I am one of those teachers who truly wants to teach. I got into this career to make a difference. I will devote whatever time I need to in order to really do my best to meet the needs of my students. The problem is that there is now so much paperwork that I find myself working all of the time. I am up early in the morning and out my front door usually at 7 AM at the latest. When I get to school I sign in and head straight to my room to begin entering grades, preparing flipcharts, and printing supplemental readings. When my planning rolls around, I try to grade a few papers and enter a few more grades, that is, if I am not in a meeting. In the afternoon when the voice on the intercom says, "All students are dismissed," my students run for the door while I reach for more papers or attend another meeting. I don't think that I have left school before 5 PM on any day this school year and most of them have found me exiting the building at 6 PM. When I get home there is the typical routine: cook, do dishes, squeeze in some time for laundry, and try to help my daughter with some of her work. Bedtime is getting earlier and earlier, simply because I am so tired.
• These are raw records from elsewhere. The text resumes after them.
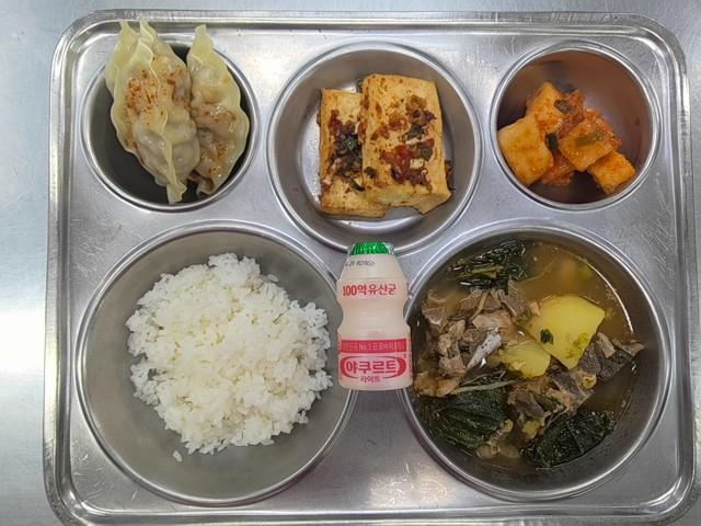 석식 친환경쌀밥 돈등뼈감자탕(5.10) 간장두부조림(5.6.13) 왕교자찐만두&초간장(5.6.10.13.16.18) 직접담은깍두기(자율)(9) 옛날요구르트(2)
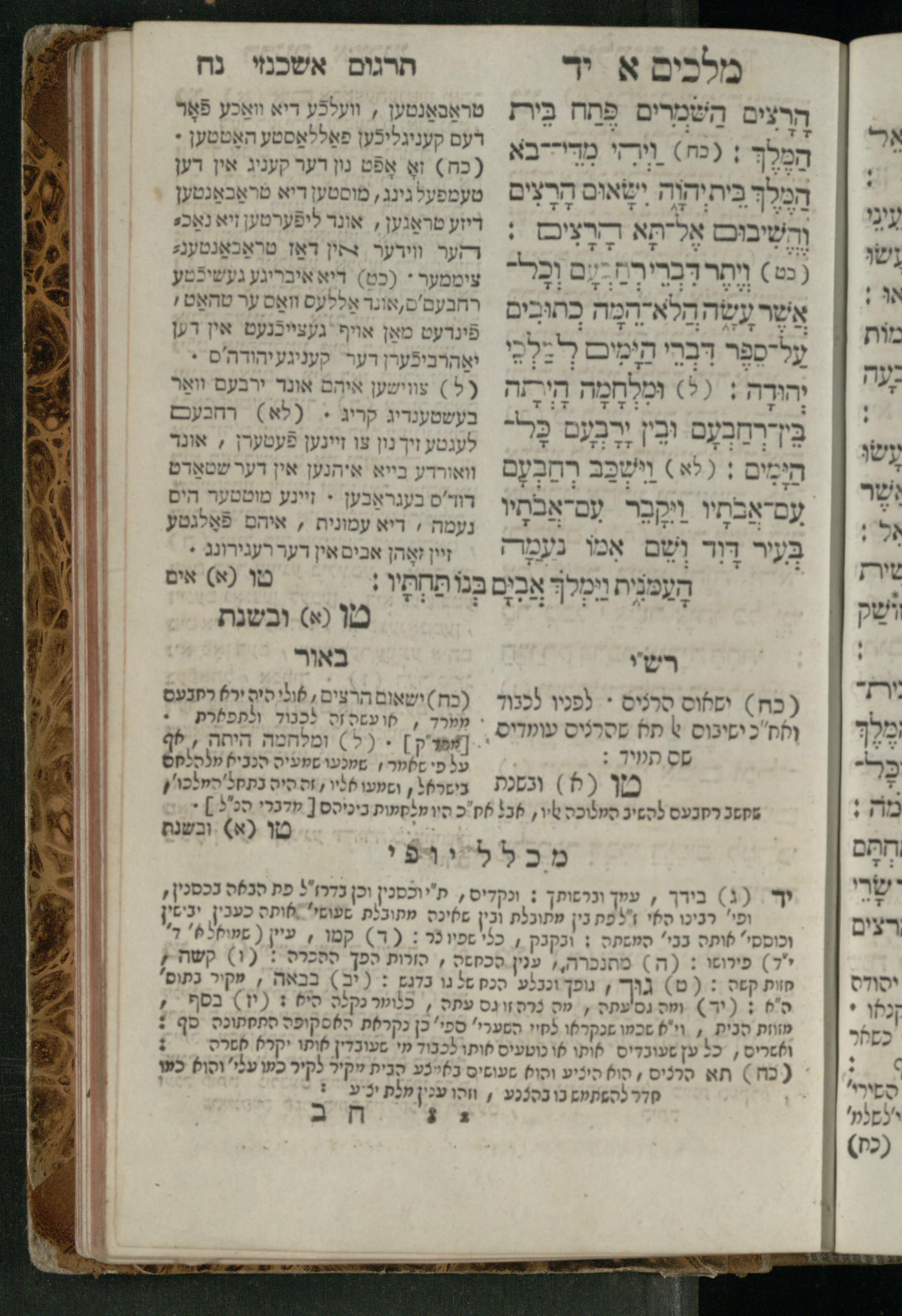 Sefer Melakhim 1 / ʿim targum Ashkenazi u-veʾur [meturgam u-mevoʾar ʿal-yede R. Meʾir Oborniḳ], ṿe-hosafti bo pe. ... Rashi z.ts.l. ... Ṿe-nilṿeh elaṿ pe. Mikhlal yofi ...ספר מלכים א / עם תרגום אשכנזי ובאור [מתורגם ומבואר על ידי ר׳ מאיר אברניק], והוספתי בו פי׳... רש״י זצ״ל. ... ונלוה אליו פי׳ מכלל יופי ...
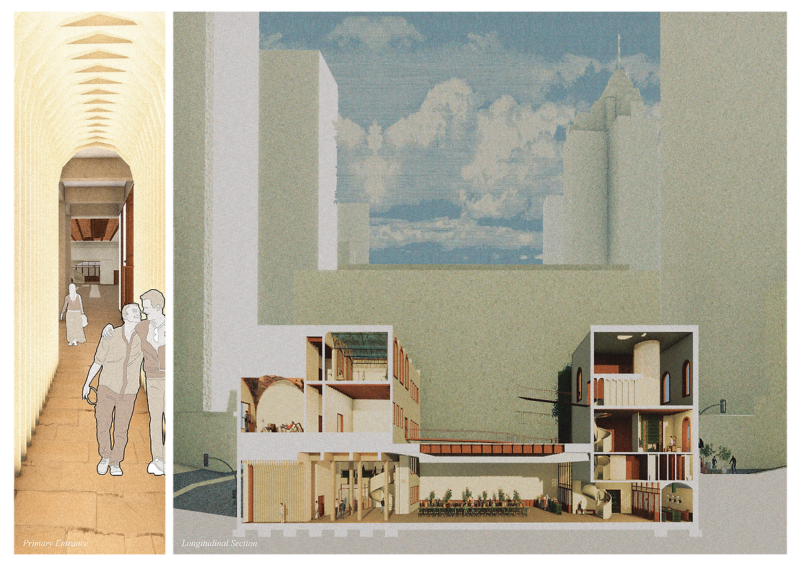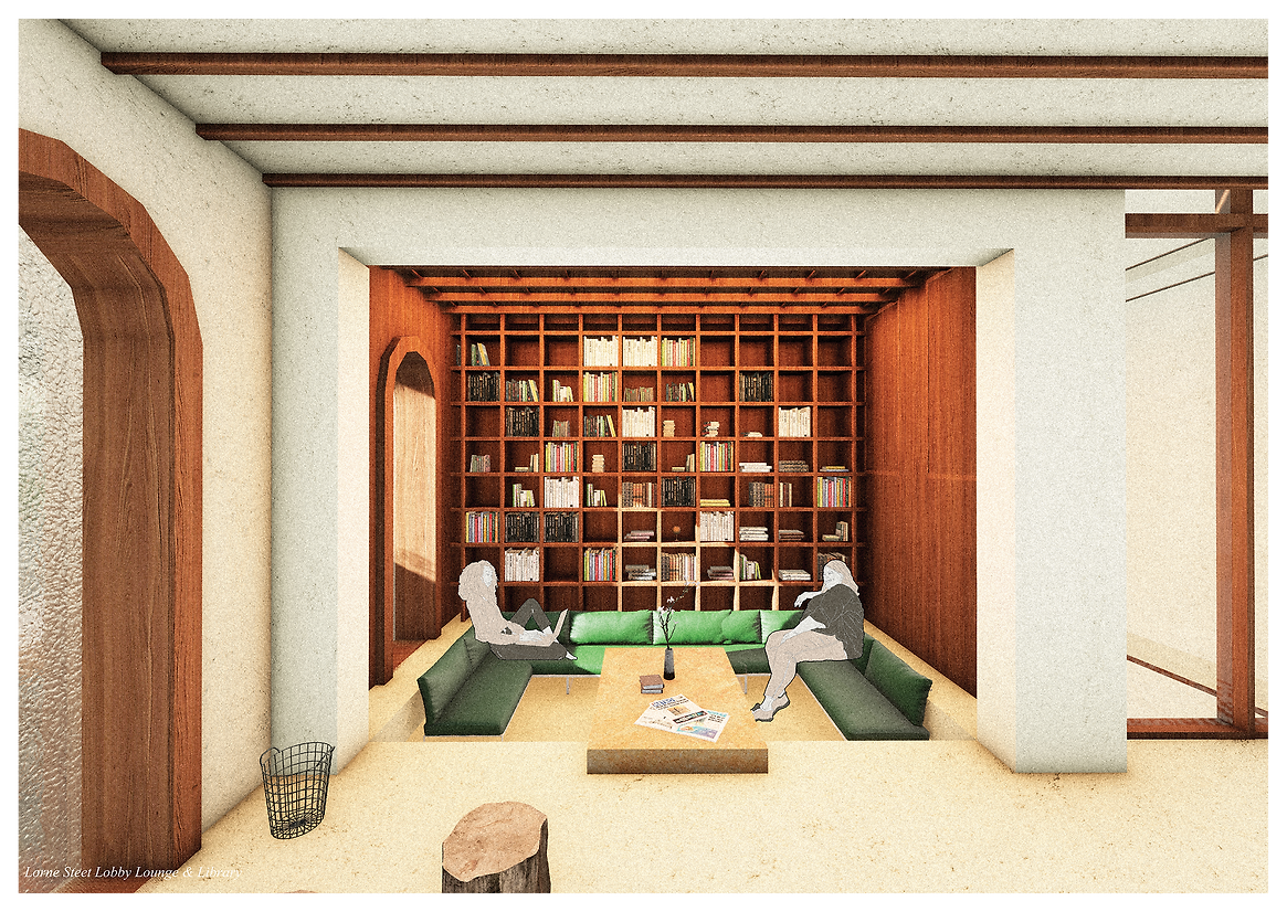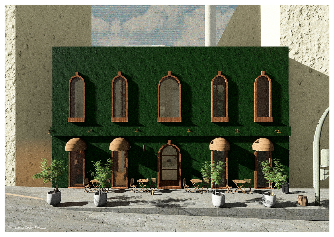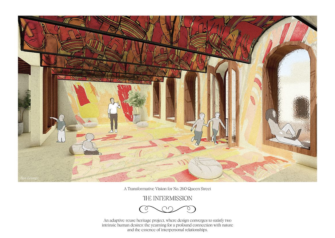 In a society so accustomed to artificial stimulation, the need for community spaces which allow authentic human experiences is dire. The intermission acts as a haven, allowing freedom and choice in the urban environment while subtly pushing for chance encounters and connection to nature, grounding occupants in their fundamental human nature. This endeavour focuses on enhancing tactility and materiality by crafting captivating, interconnected atmospheres. Rooted in heritage, The Intermission lovingly restores the Italianate Victorian charm of the Former ASB bank building, along with two adjacent Structures.
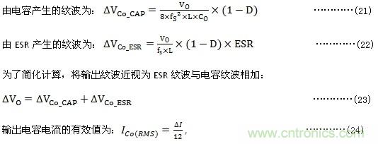 輸出電容紋波主要由兩部分組成,一部分為電容ESR產生的紋波,另一部分為電容產生的紋波。

One of my fellow teachers asked me the other day, "So what were the good old days like?" (This is the point where I should tell you that I am the teacher in our building with the largest number of years of experience.) This forced me to compare the two time periods: back then and now. I remember grading a lot of student work back then; I actually probably do less of that now because the student work has gotten more in depth, with more final projects and writing pieces rather than skills worksheets. What I don't remember are all of the extra meetings or teacher paperwork. We had our faculty meeting as needed and we had the professional development sessions, of course, but we didn't have all of the add-on trainings. I think that some of that can be blamed on the extra programming that has been added on through the years. Every time we begin a new program there is a new training. As far as paperwork goes, I remember having a red gradebook and the green "Bird Book" where we kept attendance. We didn't have the several assessment tracking sheets, the pacing guides, and other forms.
You would think that technology and computerization would make all of this paperwork easier, but it hasn't. I find myself spending more time in front of a computer screen: typing parent newsletters, answering emails from students or parents, creating lesson plans, entering grades into the online gradebook, and analyzing student data. Just when I think I have learned a program and I can maneuver it, someone decides to update and I find myself learning something all over again.
I am sure that things will smooth out at some point....... I will get myself organized, I will learn to let some things go, or I will just have to stop and take a breath. I can only hope that the day I am speaking of comes VERY SOON!